Mitchell was cleared for a full practice Thursday, as the Jazz prepare to face either the Memphis Grizzlies or the Golden State Warriors in the opening round of the playoffs, beginning Sunday night.

“Practice was good,” Mitchell said. “I got out there and competed. You could tell it was my first time in four or five weeks, but that’s to be expected. Just trying to find ways to get back in a groove, get back in full shape. I feel like I’m getting there. Things are progressing well.”

Mitchell said he felt some soreness in his right ankle on Thursday “but thankfully no pain. So that’s the good part. For me, it’s just trying to stack these days on top of each other. These games are going to start coming quickly. The intensity is going to pick up.”
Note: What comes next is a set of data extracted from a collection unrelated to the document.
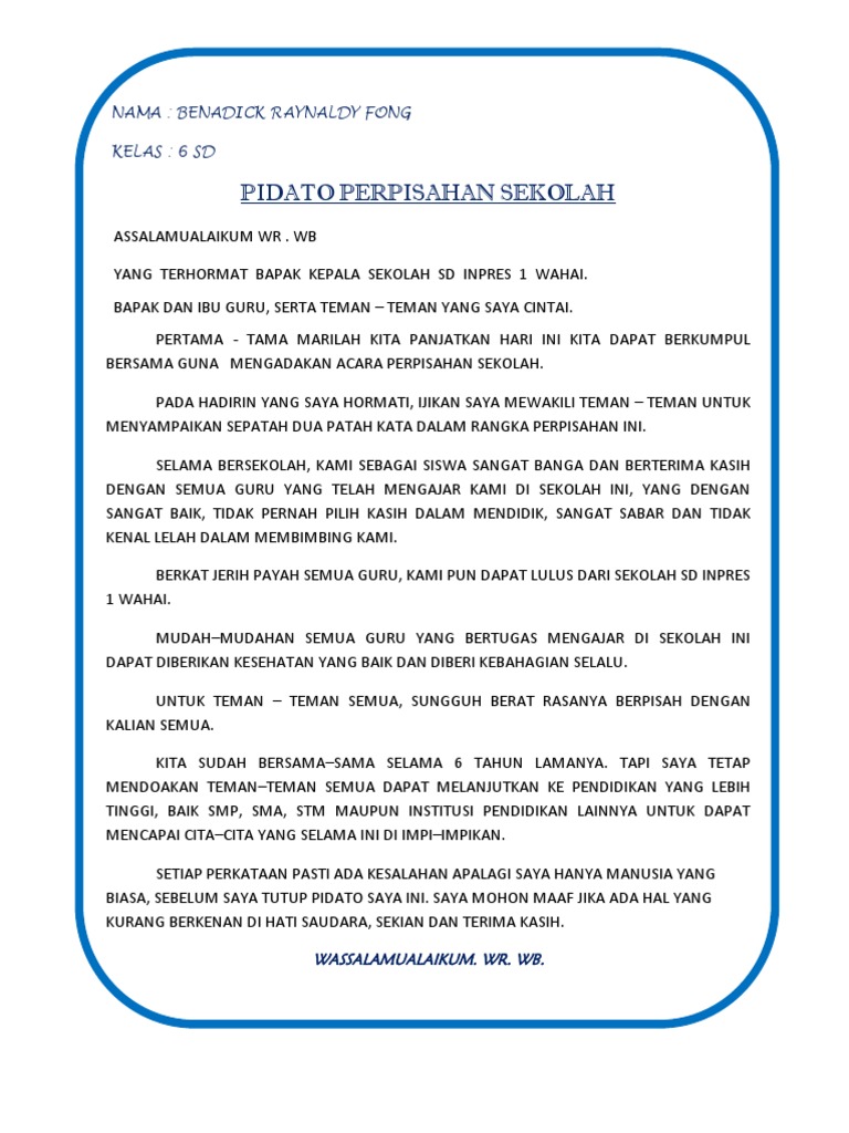PDF) CONTOH PIDATO 51 Pidato Perpisahan SD | Farid Ramlan - Academia.edu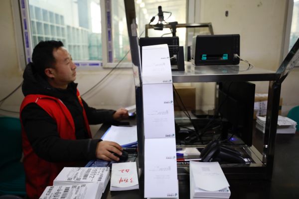 ▲渭南邮政,电商工作人员正在打单。消费者下单,邮件处理中心即打,工人在传送带上即贴,邮政的物流车装满即发。全流程多环节以秒计算,开创了领先全行业的秒发模式(图片来源:乔宇)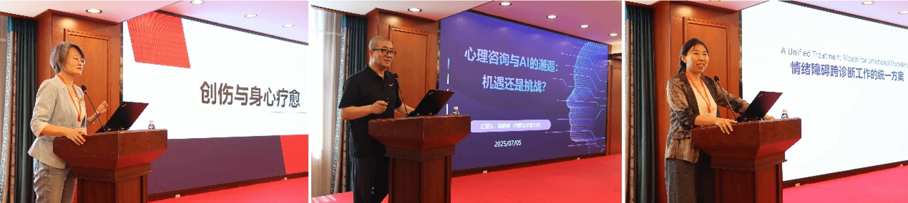 在AI 赋能心理疗愈工作坊中,内蒙古自治区脑科医院临床心理中心赵鹏程主任、英国365公司官网心理学系杨晓峰主任、内蒙古工业大学心理咨询中心李向阳主任分别围绕 “AI 赋能心理咨询与治疗” 这一核心主题作了专题报告。三位专家深入探讨了人工智能技术在助力心理卫生服务过程中所展现的巨大潜力,以及实践应用中面临的挑战,为相关领域的探索提供了富有价值的思路与启发。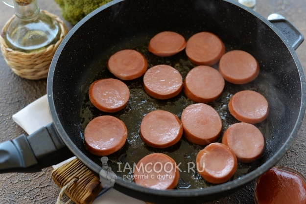 Сардельки нарежьте кружочками толщиной около 0,5 см, обжарьте в небольшом количестве постного рафинированного масла с обеих сторон до румяной корочки. Если сардельки в натуральной оболочке, ее можно не снимать. Кроме того, во время жарки они вывернутся в одну сторону чашечкой и будут симпатично выглядеть в готовом блюде.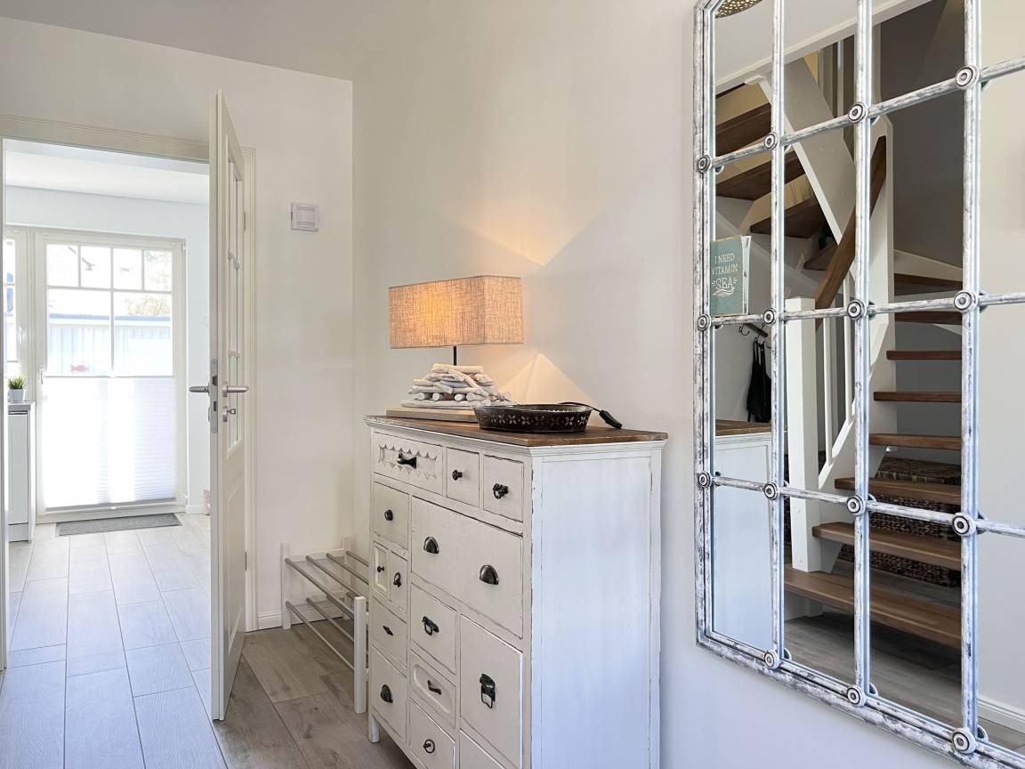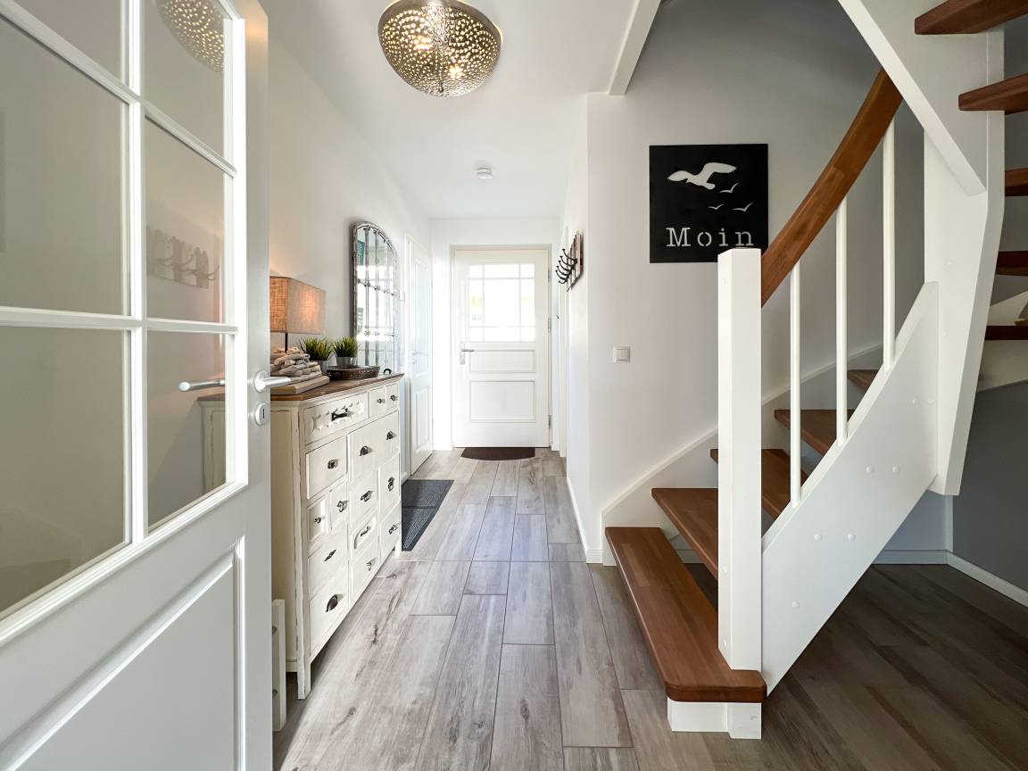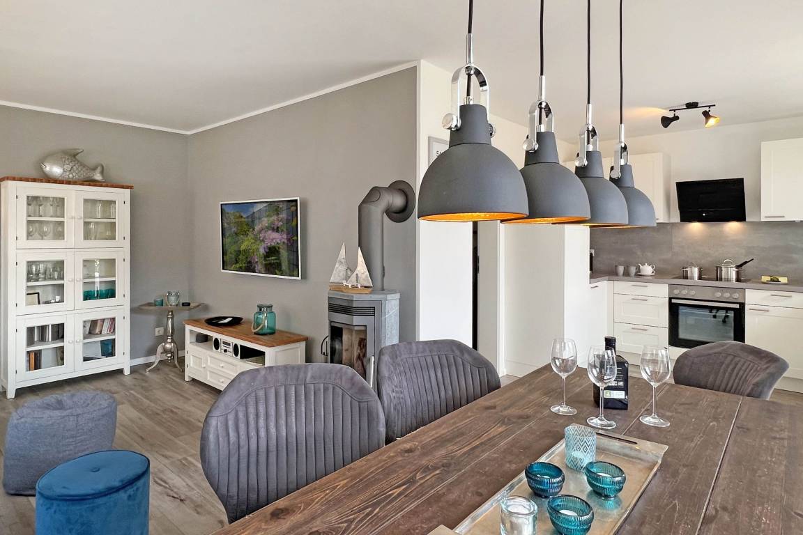 Das Dat Kroeger Hus empfängt Sie mit einer warmen und einladenden Atmosphäre. Der lichtdurchflutete Wohn-, Ess- und Küchenbereich im Erdgeschoss ist das Herz des Hauses und lädt zu entspannten Abenden ein – sei es bei einem guten Buch oder einem gemeinsamen Spieleabend. Die moderne Küche ist vollständig ausgestattet, sodass Sie mühelos köstliche Mahlzeiten für Ihre Liebsten zubereiten können.

Mitchell said he felt he had been trending in the right direction for the past two weeks and felt ready to play 48 minutes if called upon Sunday, though he had not yet had conversations with his coaches or trainers about possible restrictions ahead.

“At the end of the day, you have to be smart,” he said.

For Mitchell, the last month has been filled with both difficulties and blessings. Mitchell watched from afar as forward Bojan Bogdanovic found his rhythm in the Jazz’s offense, as reserve Georges Niang stepped up his game, and as rookie Trent Forrest filled in admirably in his stead.

“I’m not frustrated. I think everything happens for a reason. I’m one of those guys,” he said. “Guys’ confidence levels rose with my absence.”

The Jazz’s confidence, though, is never higher than when Mitchell is available to play. The guard averaged a career-best 26.4 points per game this season for a Jazz squad that amassed the league’s best record.